Input for this task section start

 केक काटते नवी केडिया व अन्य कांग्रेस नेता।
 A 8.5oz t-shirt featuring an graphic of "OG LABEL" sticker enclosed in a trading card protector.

Input for this task section end
Input for this task section start

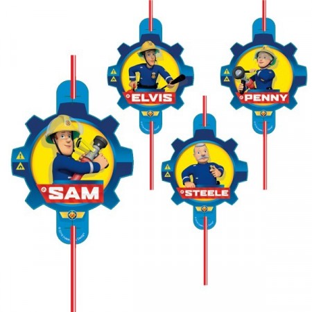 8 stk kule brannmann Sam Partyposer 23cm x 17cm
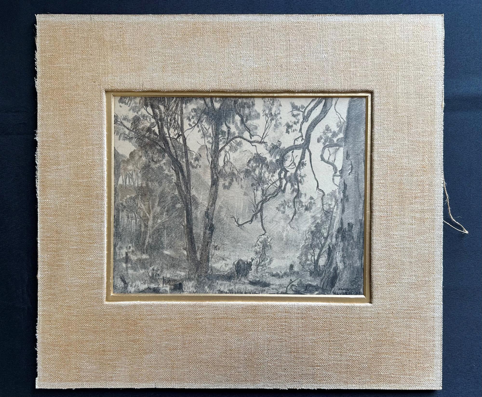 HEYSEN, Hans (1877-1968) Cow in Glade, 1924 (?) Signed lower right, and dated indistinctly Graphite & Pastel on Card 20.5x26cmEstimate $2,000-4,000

Input for this task section end

◆ Work to be completed
Give the exact lines, and only those, from the line containing "केक काटते नवी केडिया व अन्य कांग्रेस नेता।" through the line containing "A 8.5oz t-shirt" in the entries above.

◆ Response area
 केक काटते नवी केडिया व अन्य कांग्रेस नेता।
 A 8.5oz t-shirt featuring an graphic of "OG LABEL" sticker enclosed in a trading card protector.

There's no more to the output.